To handle these and other new postmarket surveillance activities, CDER has expanded OSE from three to five divisions to better monitor adverse events, weigh safety issues in applications, and review risk management plans. And OSE Director Gerald Dal Pan heads up an expanded staff that oversees OSE management and communications and policy development.
In March, FDA launched the Risk Evaluation and Mitigation Strategies (REMS) policy authorized by FDAAA. The agency published a list of drugs that fit the REMS criteria because they have some kind of restricted distribution system, with training or certification requirements for prescribers and other controls on drug dispensing and patient use. Manufacturers of the 25 drugs on the list have to file REMS plans by September 21, 2008. Meanwhile, FDA is preparing guidance on REMS content and format to clarify requirements for manufacturers developing new therapies that raise patient safety issues.
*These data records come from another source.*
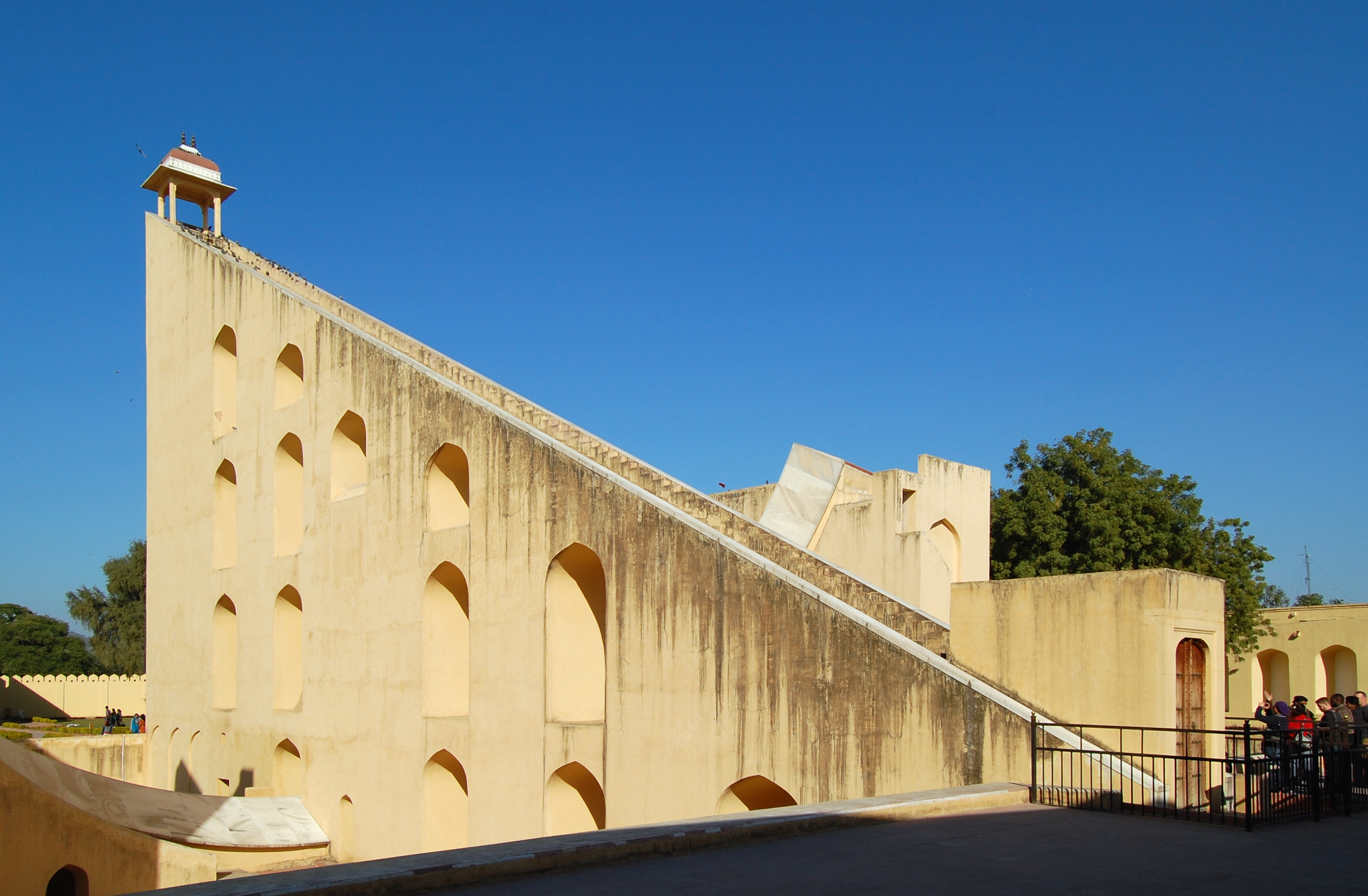 Samrat Yantra (Giant sundial) in Jantar Mantar, Jaipur, India.
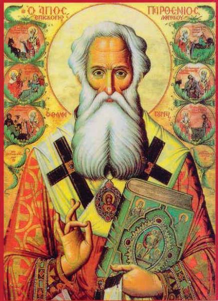 St. Parthenios of Lampsakos.
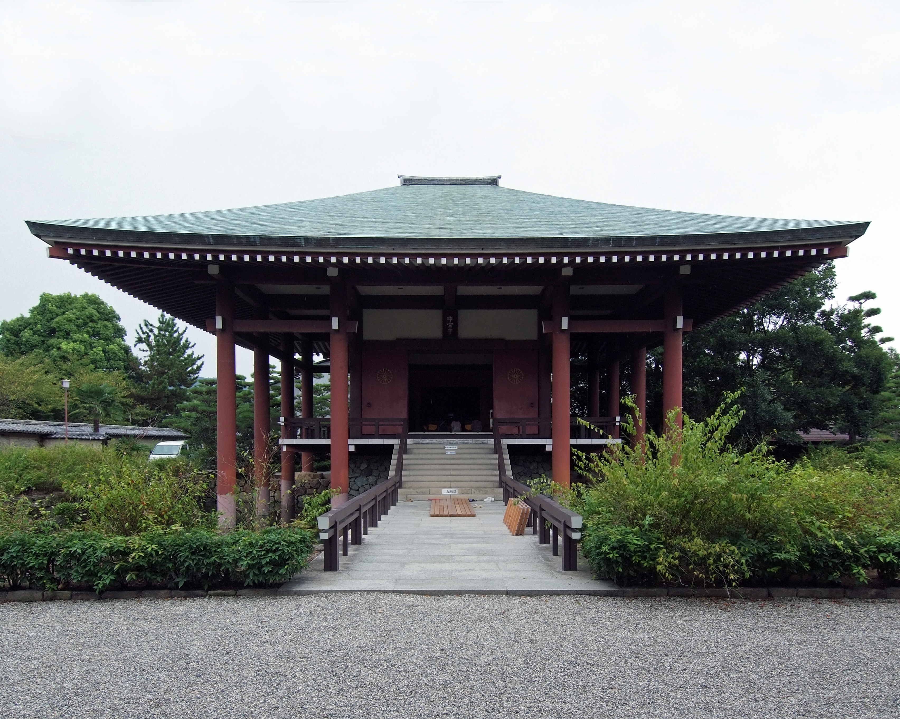 Chugu-ji Hondo in Ikaruga, Nara, Japan. Designed by Isoya yoshida in 1968.
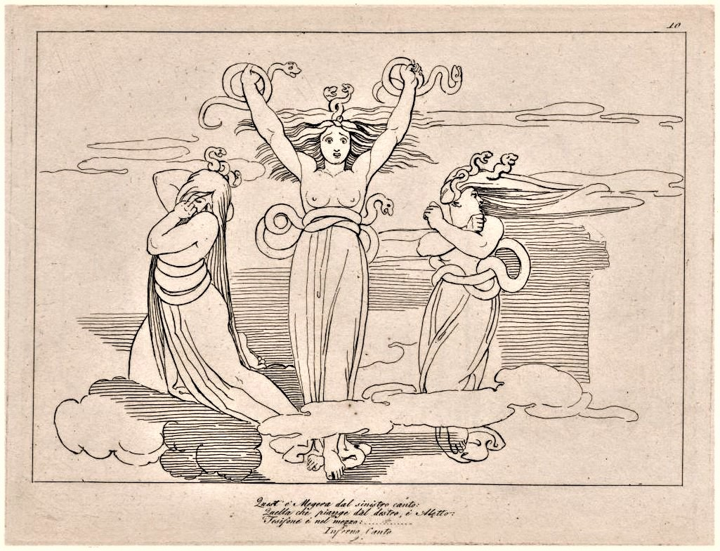 Engraving: questa e megera dal sinistro canto from Divina Commedia by Dante - illustration designed by John Flaxman, engraved by Tommaso Piroli.

Another FDA initiative is to publicize information on emerging drug safety signals as they emerge. The same week that FDA unveiled its REMS policy, it also announced new safety reviews related to cardio signals involving leading AIDS therapies, GlaxoSmithKline's Ziagen (abacavir) and Bristol-Myers Squibb's Videx (didanosine). The agency also said it would conduct a safety review of Johnson & Johnson's Regranex (becaplermin) skin gel for diabetics to determine links to cancer and death. And FDA reported it is investigating a possible connection between suicidality and Merck's widely used asthma treatment Singulair (montelukast).
The good news is that there seems to be a growing consensus that FDA needs a major infusion of cash to regain its stature as an effective science-based regulatory agency. Senator Edward Kennedy (D-MA), chairman of the Senate Health, Education, Labor, and Pensions Committee, gained approval of an amendment to the Senate budget resolution for 2009 that supports an additional $71 million for FDA in the coming year. That would bring FDA's total budget to $2.2 billion if adopted by Congress. That fits recommendations from agency advocates to double FDA's budget over the next five years—from $1.9 billion in 2009 to $3.7 billion by 2013. Congress' Government Account-ability Office is developing a report on FDA resource needs, which should add more fuel to the debate.
Even FDA Commissioner Andrew von Eschenbach has dropped the usual official inhibitions about asking publicly for more money than his superiors have proposed. In a speech at the National Press Club in February, he acknowledged that FDA's resources "have not kept pace" with its growing responsibilities. In a similar address at the March FDLI meeting, von Eschenbach described FDA as a "patient in peril" because of expanding responsibilities made more complex by globalization, bioterrorism, just-in-time delivery demands, and a continuing need for crisis control. He noted that increased FDA reliance on user fees limits the agency's flexibility and urged "full backing" for the Reagan-Udall Foundation. "FDA needs to be stronger, bigger, and better," he said, if it is to continue to be "the world's gold standard as a regulatory agency."